A inclusão desse fator na análise da pensão alimentícia traz implicações relevantes. Permite que o valor seja revisto quando há ausência paterna na prática da coparentalidade. Reforça a necessidade de ambos os genitores assumirem não só o custeio financeiro, mas também o envolvimento afetivo e prático com os filhos. E contribui para romper o ciclo de empobrecimento das mães solo, que muitas vezes abrem mão de trabalho, estudo ou oportunidades para garantir o bem-estar das crianças.
Estudos da OIT e do IBGE mostram que o trabalho doméstico não remunerado representa cerca de 15,7% do PIB nacional. Quando as decisões judiciais passam a considerar esse dado, avançamos em termos de justiça social e de equidade de gênero.
Apesar da importância dessa decisão, ela ainda é exceção. Muitos tribunais não aplicam esse entendimento, e ainda faltam critérios objetivos para mensurar a sobrecarga enfrentada pelas mães. Além disso, há um desafio estrutural: por que os homens não são ensinados desde cedo a exercer o trabalho de cuidado? Ser pai envolve responsabilidades que não podem ser terceirizadas. Se não aprenderam antes, podem e devem aprender agora. Assumir o cuidado dos filhos é parte da vida adulta, não uma virtude. O que precisa ser normalizado é o pai presente, não o ausente.
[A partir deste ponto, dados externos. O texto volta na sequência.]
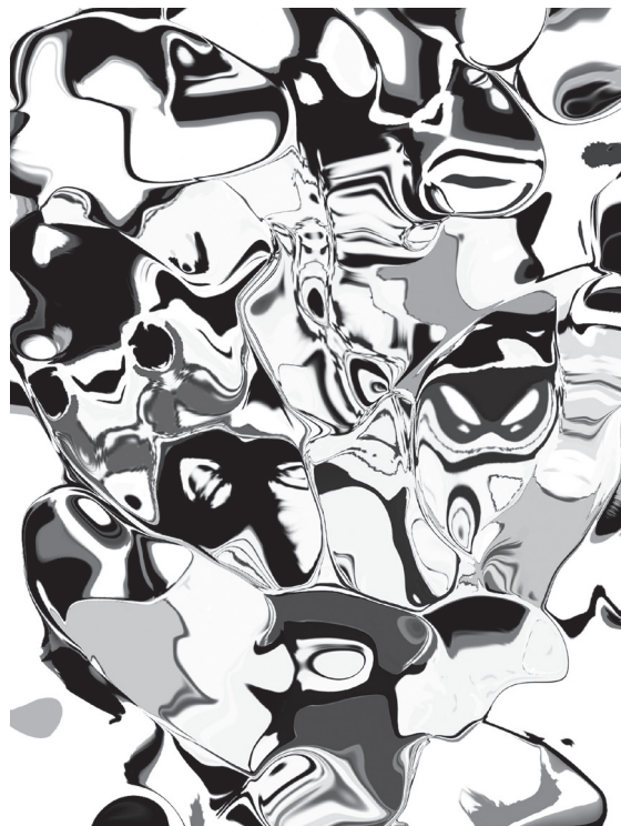
Print -Painting IJ - Jungle of Eden - Stkg -Level B&W 1/1B - 80 x 110 cm.
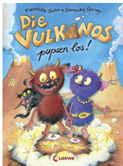
Die Vulkanos pupsen los! (Band 1)
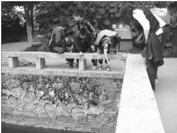
孩子们正在“钓”池中硬币

据读者反映,在红梅公园红梅阁西侧有一个放生池,是专供人们放生水生动物的。可有些善男信女认为把硬币扔进池里会给他们带来好运气,因此时不时有人往池中扔钱,其中大部分是一角的硬币,也有5角的和一元的。见池中有钱,一些顽皮的孩子就想设法去捞,由于放生池离地面有3米多深,这些孩子就用塑料绳扎上吸铁石,抛到池中来回牵动,池中硬币碰到吸铁石就能被吸上来。
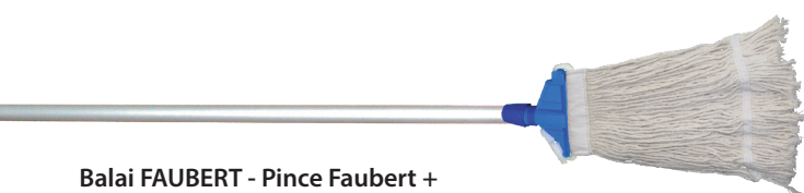
Balai FAUBERT - Pince Faubert + Frange 350g + Manche aluminium 1,40m Réf : 0022005
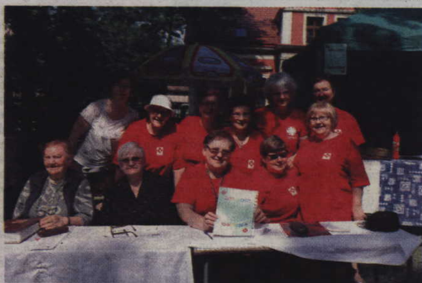
Dzięki paniom z caritasu można było zjeść m.in. bigos, karkówkę czy też napić się kawy.
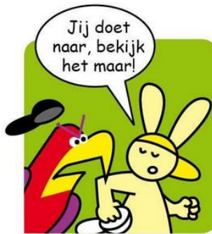
Konijn gaat iets anders doen.
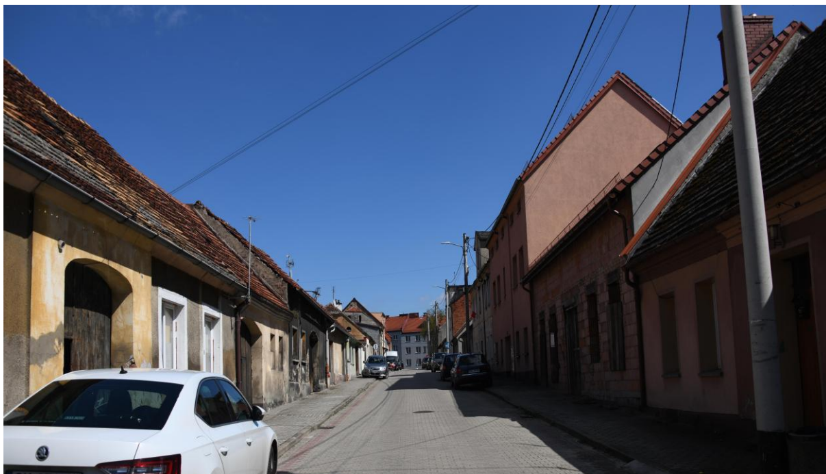
ul. Wolności o zachowanym dawnym charakterze niskich, gęsto ułożonych kamienic.
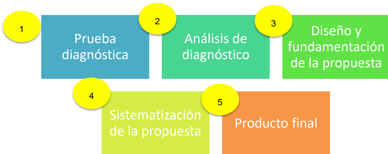
Ilustración 1: Fases de la investigación

Luego de realizado el debate, como resultado del proceso de aplicación del modelo Toulmin, se procede a hacer una evaluación de los resultados obtenidos con la aplicación de la propuesta y finalmente, se realiza un diagnóstico final, donde se corrobore si realmente se fortaleció el eje.
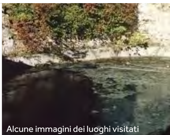
Alcune immagini dei luoghi visitati
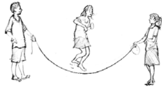
កាលនៅអាយុ ៥ ឆ្នាំ
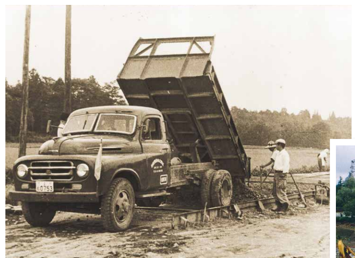
③ 昭和32年 国道4号 塩谷郡阿久津町（現・高根沢町）舗装新設工事
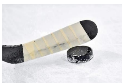
20. krążek do hokeja –
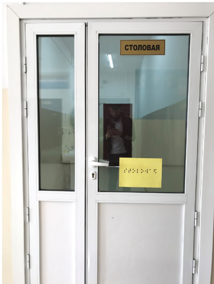
ФОТО №19 Столовая
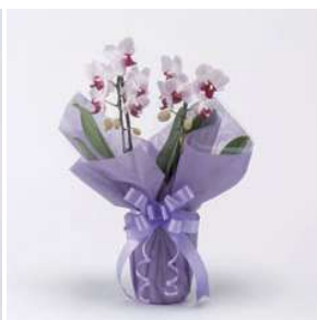
MO1213 リトルジェム (赤・ピンク系)

A decisão do TJSP rompe com a ideia ultrapassada de que a mãe cuida e o pai contribui financeiramente. Ela sinaliza um novo paradigma, que reconhece o cuidado como trabalho e a maternidade solitária como uma violação da corresponsabilidade parental. Ao reconhecer esse cenário como fator determinante no cálculo da pensão, o Judiciário dá um passo necessário e corajoso para aproximar o direito da realidade vivida por tantas mulheres.